Apesar dessa participação política-social contribuir para instigar a emancipação
social e políticas das pessoas que constituem esses sujeitos coletivos, há pouca
capacidade deles se contraporem de modo radical às práticas, valores e hábitos da
cultura política tradicional. Esta situação põe em risco sua capacidade de promover
mudança social e política. O risco está no fato dos sujeitos atuarem num ambiente eivado
de elementos da cultura política, onde velhos e novos valores coexistem, e dificilmente
estes sujeitos conseguem isentarem-se dos efeitos das velhas práticas culturais.
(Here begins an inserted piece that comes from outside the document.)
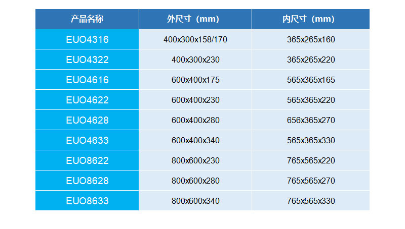 外(wài)尺(chǐ)寸:800×600×340mm 內尺寸:765×565×330mm 材質:PP 重量:6480
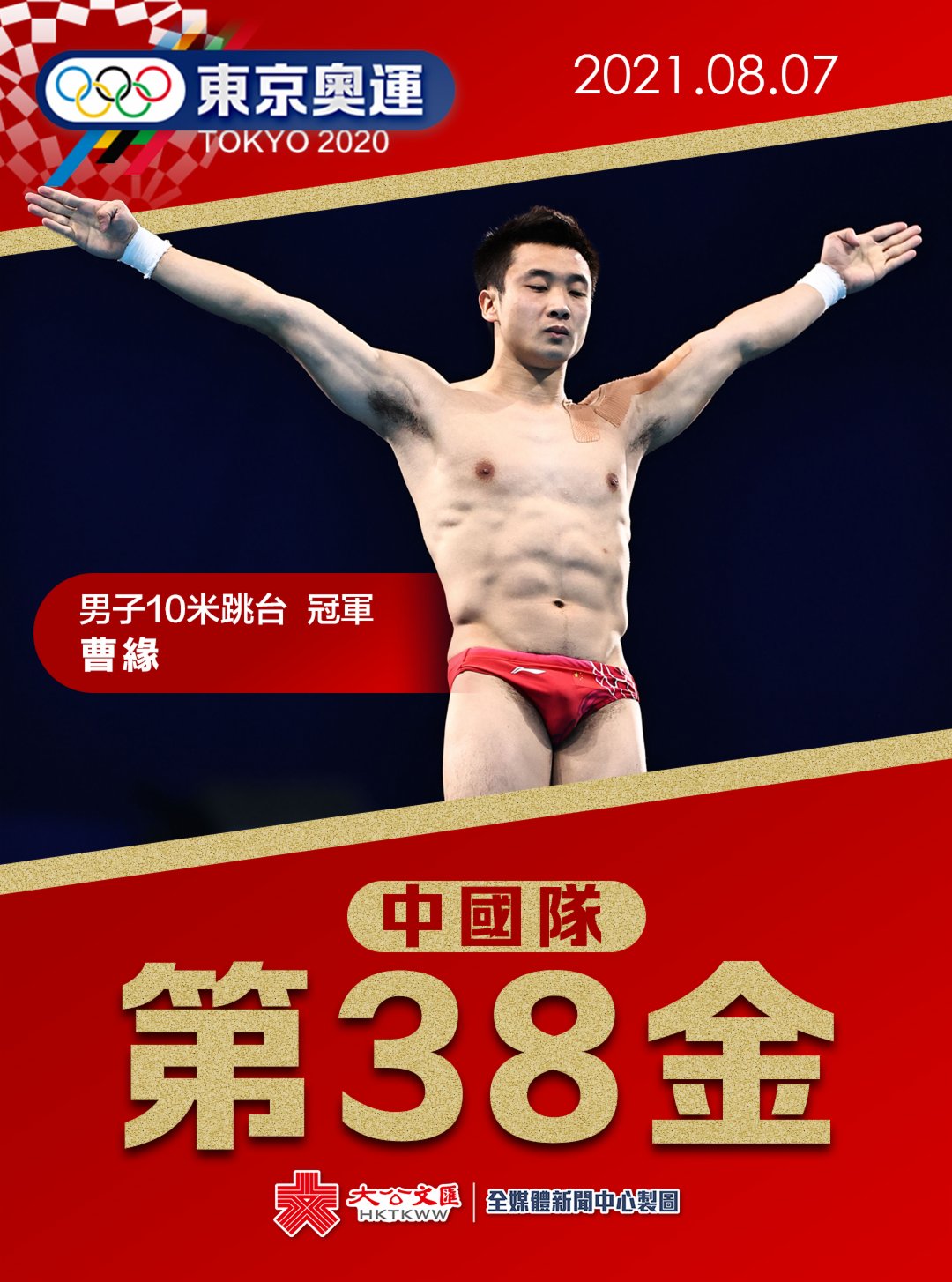 大公文匯網報道,今日(8月7日),男子10米跳台中國選手曹緣楊健包攬金銀,曹緣為中國代表團斬獲第三十八金。

Tal constatação coloca em duvida as possibilidades de mudança no âmbito
estrutural no campo político, econômico, social e cultural porque, entre outros aspectos,,
os hábitos da cultura política tradicional estão entranhados às práticas sociais e políticas
dos sujeitos limitando,assim, os avanços das novas práticas de participação para a
decisão, deliberação e o exercício de partilha de poder entre estado e sociedade. Neste
sentido, a participação nos espaços públicos do tipo conselhos, conferência e fóruns têm
valor mais pedagógico e organizativo do que valor político deliberativo.
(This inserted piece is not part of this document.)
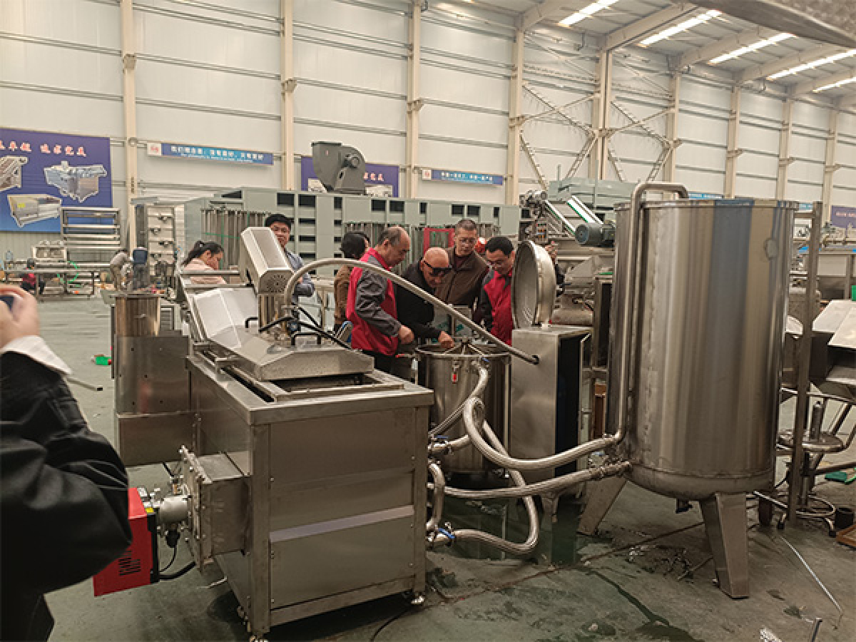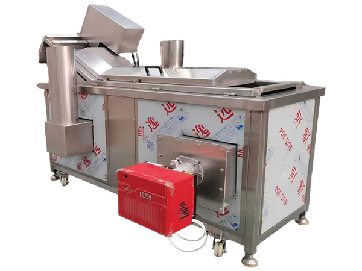 This small continuous fryer system consists of an automatic fire extinguishing device, an oil filter, and an oil storage tank. The automatic fire extinguishing device can extinguish oil fires instantly, eliminating the risk of fire. The oil filter continuously filters residues, ensuring consistent color and flavor of fried products and reducing harmful substances. This guarantees oil quality, ensures high output during continuous operation, and the oil storage tank facilitates oil changes and replenishment, reducing waste and comprehensively lowering oil consumption and labor costs.

Por fim, a construção de identidades desses sujeitos, seus processos de
organização e sua relação com o estado podem caminhar em dois sentidos: no primeiro,
a legitimação de práticas políticas de setores de pouco compromisso com a participação
e a emancipação, mesmo incorporando algumas atividades participativas à gestão do
estado. Com pouca diferença, a legitimação também pode ocorrer com setores
progressistas que, pelo discurso, apresentam indicativos de mudança, mas tem pouca
capacidade
de
efetivação.
No
segundo,
a
necessidade
dos
sujeitos
de
se
autoconhecerem pela análise da prática, reconhecerem seus limites, suas dificuldades e
estimular os valores da cultura política inovadora e sobrepor os velhos valores. Para isto,
a mudança é, sobretudo, pessoal, pois mudança estrutural passa pela mudança de
valores pessoais. E assim, os sujeitos sociais coletivos poderão contribuir, efetivamente,
com sua emancipação social e política.